(Materials provided)
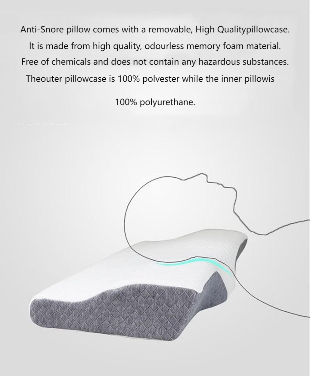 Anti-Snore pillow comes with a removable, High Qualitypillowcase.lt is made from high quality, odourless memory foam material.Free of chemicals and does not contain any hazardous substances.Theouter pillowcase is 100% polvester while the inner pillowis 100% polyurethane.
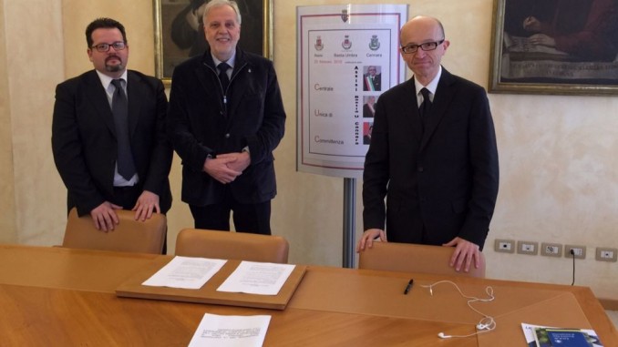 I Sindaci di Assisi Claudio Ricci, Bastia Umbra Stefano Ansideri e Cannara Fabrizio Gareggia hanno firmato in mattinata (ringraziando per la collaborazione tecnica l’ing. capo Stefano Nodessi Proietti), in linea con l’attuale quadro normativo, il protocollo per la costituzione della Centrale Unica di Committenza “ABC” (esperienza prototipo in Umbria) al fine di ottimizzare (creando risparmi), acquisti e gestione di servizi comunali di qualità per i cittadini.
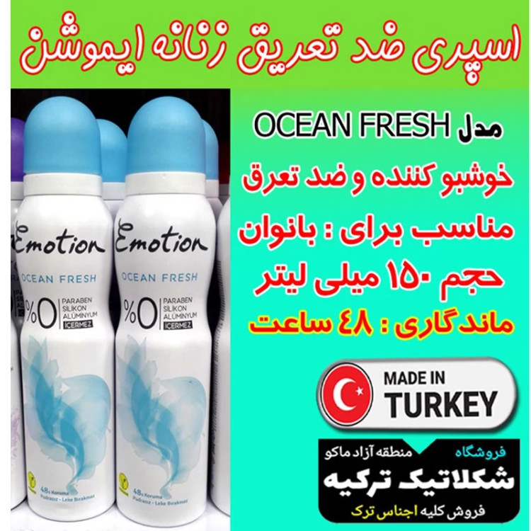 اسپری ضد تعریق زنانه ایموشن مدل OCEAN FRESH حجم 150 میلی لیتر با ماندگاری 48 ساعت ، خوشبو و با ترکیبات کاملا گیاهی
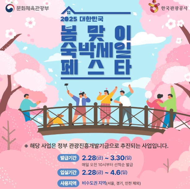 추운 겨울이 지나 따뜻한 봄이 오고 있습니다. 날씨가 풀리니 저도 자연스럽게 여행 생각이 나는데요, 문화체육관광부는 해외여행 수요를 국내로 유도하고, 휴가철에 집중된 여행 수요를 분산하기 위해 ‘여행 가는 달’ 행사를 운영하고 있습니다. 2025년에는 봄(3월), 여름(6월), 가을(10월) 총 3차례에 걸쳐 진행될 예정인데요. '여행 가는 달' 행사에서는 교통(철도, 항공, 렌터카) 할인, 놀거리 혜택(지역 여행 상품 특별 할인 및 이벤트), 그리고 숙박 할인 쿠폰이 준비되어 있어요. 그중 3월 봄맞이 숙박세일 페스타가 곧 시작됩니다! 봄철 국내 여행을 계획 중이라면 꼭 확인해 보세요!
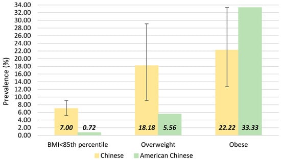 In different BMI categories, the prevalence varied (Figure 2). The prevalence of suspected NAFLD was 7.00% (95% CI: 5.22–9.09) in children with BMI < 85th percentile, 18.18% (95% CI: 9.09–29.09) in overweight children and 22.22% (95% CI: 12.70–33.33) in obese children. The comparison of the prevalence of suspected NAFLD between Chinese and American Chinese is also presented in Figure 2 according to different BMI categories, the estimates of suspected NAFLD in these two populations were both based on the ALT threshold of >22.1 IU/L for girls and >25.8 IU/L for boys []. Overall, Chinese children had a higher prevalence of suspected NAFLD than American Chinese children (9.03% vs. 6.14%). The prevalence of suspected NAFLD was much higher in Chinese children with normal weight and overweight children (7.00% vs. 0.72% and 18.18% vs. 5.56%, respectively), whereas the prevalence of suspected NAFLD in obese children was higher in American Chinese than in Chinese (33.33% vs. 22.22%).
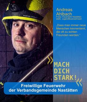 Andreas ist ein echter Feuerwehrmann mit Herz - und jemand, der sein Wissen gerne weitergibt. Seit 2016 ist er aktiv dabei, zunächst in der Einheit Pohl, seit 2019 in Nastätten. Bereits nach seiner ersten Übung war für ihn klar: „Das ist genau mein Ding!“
(End Materials provided)
* _Instructions to follow_: Drop the pictures and set down the data above exactly.

* _Answer area_:
 Anti-Snore pillow comes with a removable, High Qualitypillowcase.lt is made from high quality, odourless memory foam material.Free of chemicals and does not contain any hazardous substances.Theouter pillowcase is 100% polvester while the inner pillowis 100% polyurethane.
 I Sindaci di Assisi Claudio Ricci, Bastia Umbra Stefano Ansideri e Cannara Fabrizio Gareggia hanno firmato in mattinata (ringraziando per la collaborazione tecnica l’ing. capo Stefano Nodessi Proietti), in linea con l’attuale quadro normativo, il protocollo per la costituzione della Centrale Unica di Committenza “ABC” (esperienza prototipo in Umbria) al fine di ottimizzare (creando risparmi), acquisti e gestione di servizi comunali di qualità per i cittadini.
 اسپری ضد تعریق زنانه ایموشن مدل OCEAN FRESH حجم 150 میلی لیتر با ماندگاری 48 ساعت ، خوشبو و با ترکیبات کاملا گیاهی
 추운 겨울이 지나 따뜻한 봄이 오고 있습니다. 날씨가 풀리니 저도 자연스럽게 여행 생각이 나는데요, 문화체육관광부는 해외여행 수요를 국내로 유도하고, 휴가철에 집중된 여행 수요를 분산하기 위해 ‘여행 가는 달’ 행사를 운영하고 있습니다. 2025년에는 봄(3월), 여름(6월), 가을(10월) 총 3차례에 걸쳐 진행될 예정인데요. '여행 가는 달' 행사에서는 교통(철도, 항공, 렌터카) 할인, 놀거리 혜택(지역 여행 상품 특별 할인 및 이벤트), 그리고 숙박 할인 쿠폰이 준비되어 있어요. 그중 3월 봄맞이 숙박세일 페스타가 곧 시작됩니다! 봄철 국내 여행을 계획 중이라면 꼭 확인해 보세요!
 In different BMI categories, the prevalence varied (Figure 2). The prevalence of suspected NAFLD was 7.00% (95% CI: 5.22–9.09) in children with BMI < 85th percentile, 18.18% (95% CI: 9.09–29.09) in overweight children and 22.22% (95% CI: 12.70–33.33) in obese children. The comparison of the prevalence of suspected NAFLD between Chinese and American Chinese is also presented in Figure 2 according to different BMI categories, the estimates of suspected NAFLD in these two populations were both based on the ALT threshold of >22.1 IU/L for girls and >25.8 IU/L for boys []. Overall, Chinese children had a higher prevalence of suspected NAFLD than American Chinese children (9.03% vs. 6.14%). The prevalence of suspected NAFLD was much higher in Chinese children with normal weight and overweight children (7.00% vs. 0.72% and 18.18% vs. 5.56%, respectively), whereas the prevalence of suspected NAFLD in obese children was higher in American Chinese than in Chinese (33.33% vs. 22.22%).
 Andreas ist ein echter Feuerwehrmann mit Herz - und jemand, der sein Wissen gerne weitergibt. Seit 2016 ist er aktiv dabei, zunächst in der Einheit Pohl, seit 2019 in Nastätten. Bereits nach seiner ersten Übung war für ihn klar: „Das ist genau mein Ding!“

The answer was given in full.